Work instructions: Repeat only the lines from the one containing "薄いパン生地にチーズや生クリ" to the final line below, exactly as they read, and leave every picture out.

Start of Dataset extract

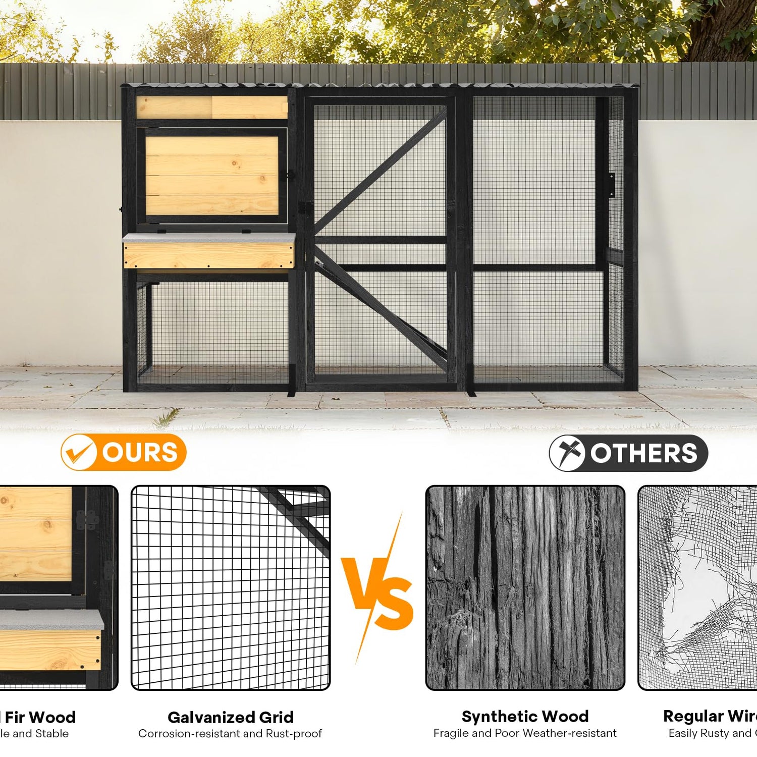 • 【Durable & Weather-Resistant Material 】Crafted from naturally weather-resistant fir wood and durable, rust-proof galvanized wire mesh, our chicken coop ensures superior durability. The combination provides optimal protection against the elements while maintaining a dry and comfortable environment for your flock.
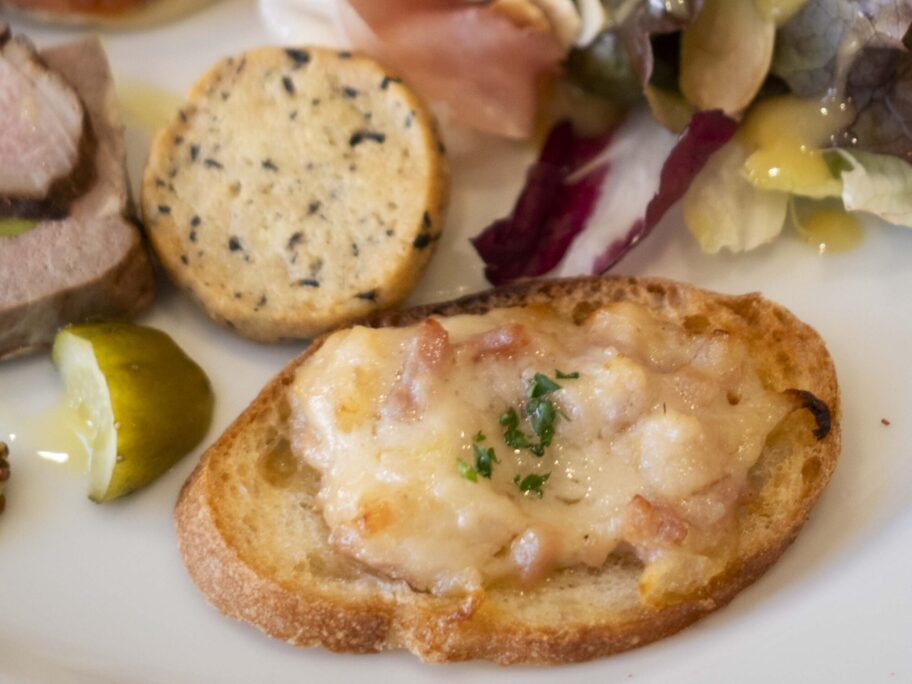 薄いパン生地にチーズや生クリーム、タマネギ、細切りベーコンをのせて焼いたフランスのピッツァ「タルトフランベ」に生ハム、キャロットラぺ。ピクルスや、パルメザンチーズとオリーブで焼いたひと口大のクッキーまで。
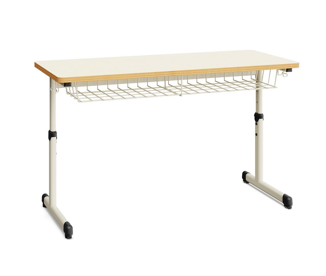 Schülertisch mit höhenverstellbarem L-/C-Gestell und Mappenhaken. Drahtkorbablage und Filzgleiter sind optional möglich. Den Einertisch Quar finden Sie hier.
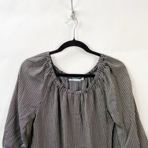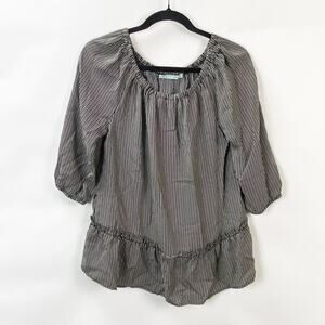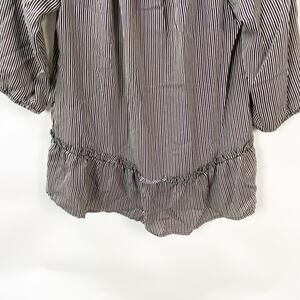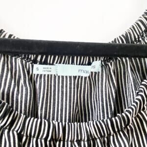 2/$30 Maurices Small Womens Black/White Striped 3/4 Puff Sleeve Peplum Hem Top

End of Dataset extract

Exercise result:
 薄いパン生地にチーズや生クリーム、タマネギ、細切りベーコンをのせて焼いたフランスのピッツァ「タルトフランベ」に生ハム、キャロットラぺ。ピクルスや、パルメザンチーズとオリーブで焼いたひと口大のクッキーまで。
 Schülertisch mit höhenverstellbarem L-/C-Gestell und Mappenhaken. Drahtkorbablage und Filzgleiter sind optional möglich. Den Einertisch Quar finden Sie hier.
 2/$30 Maurices Small Womens Black/White Striped 3/4 Puff Sleeve Peplum Hem Top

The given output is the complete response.